------ Data provided ------

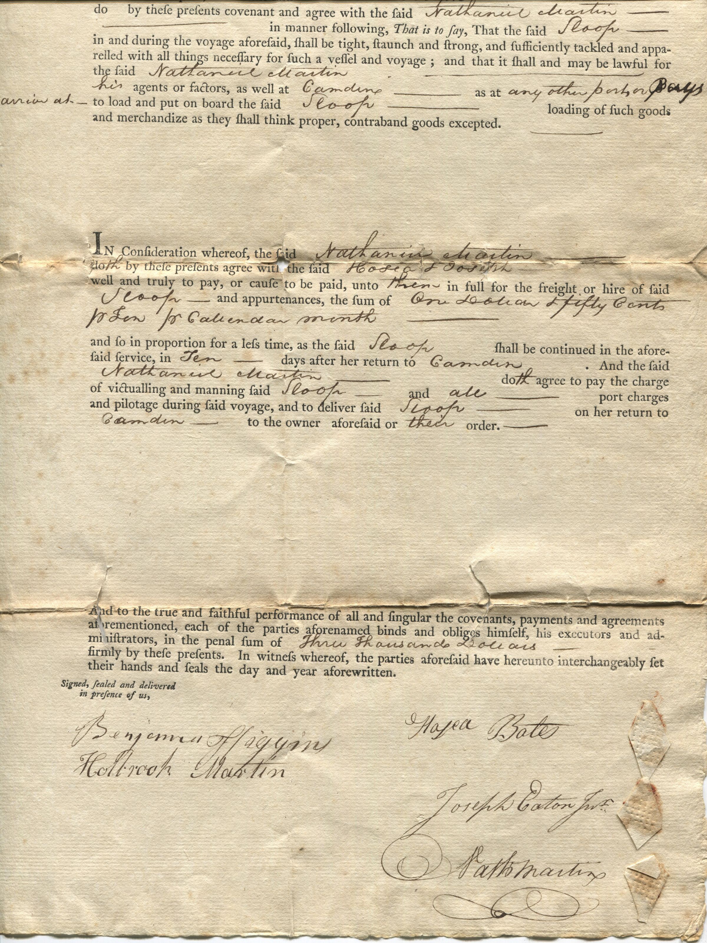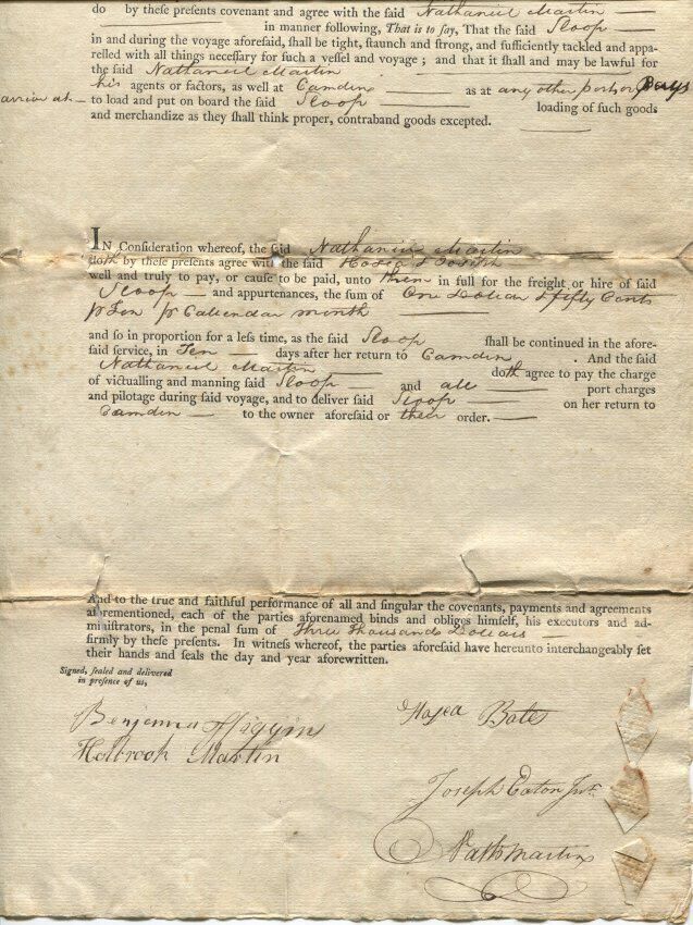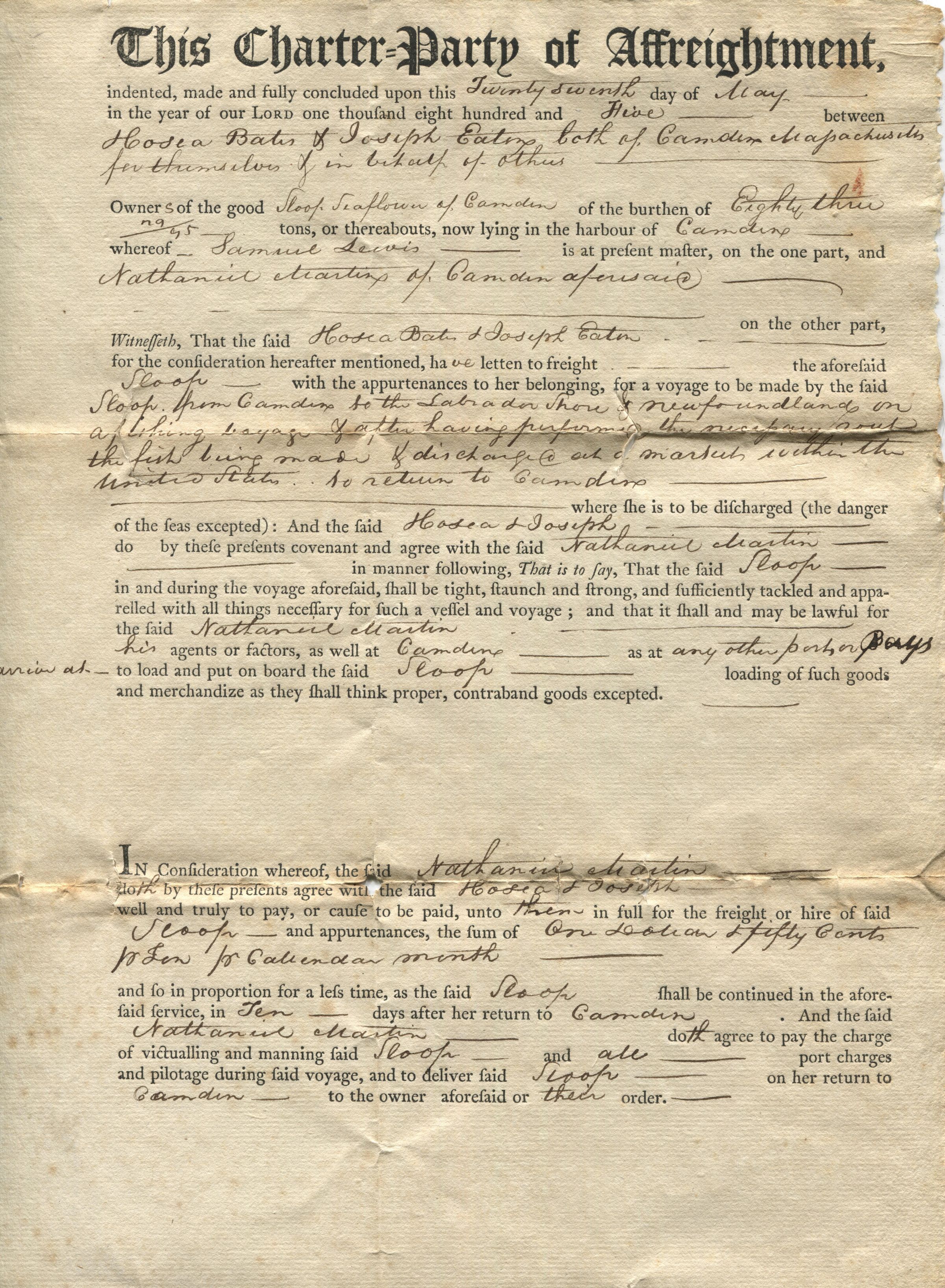Affreightment charter for the Sloop Seaflower of Camden between Nathaniel Martin, Hosea Bates, and Joseph Eaton, Jr. for a fishing trip to Newfoundland, May 1805.
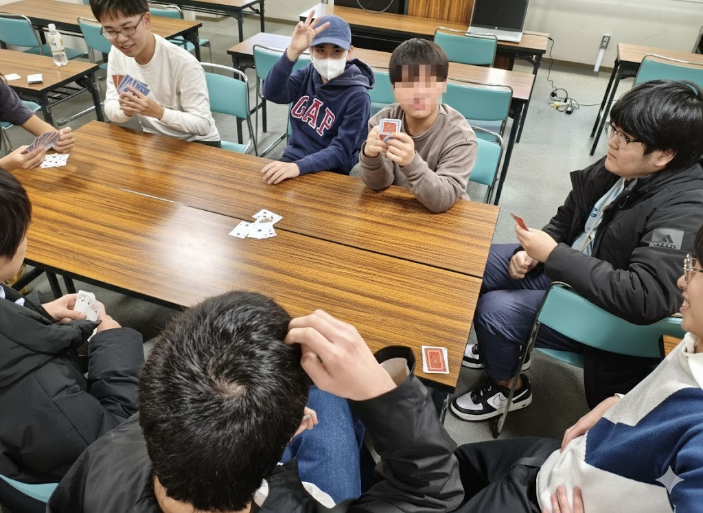 写真は、午後の「授業時間中」のワンシーン。みんなでトランプに興じています。
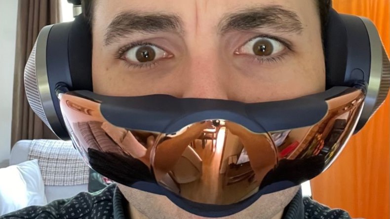The air purifier visor attaches to the headphones magnetically, allowing you to quickly remove it. With the visor removed, the headphones continue to work as normal. The visor is adjustable, allowing you to move it up and down as well as in and out, but it took us a few goes to achieve the best fit. It’s also incredibly easy to accidentally knock the visor off.

------

To do
In your copy, reproduce the data above exactly and skip every picture.

Your solution
Affreightment charter for the Sloop Seaflower of Camden between Nathaniel Martin, Hosea Bates, and Joseph Eaton, Jr. for a fishing trip to Newfoundland, May 1805.
 写真は、午後の「授業時間中」のワンシーン。みんなでトランプに興じています。
The air purifier visor attaches to the headphones magnetically, allowing you to quickly remove it. With the visor removed, the headphones continue to work as normal. The visor is adjustable, allowing you to move it up and down as well as in and out, but it took us a few goes to achieve the best fit. It’s also incredibly easy to accidentally knock the visor off.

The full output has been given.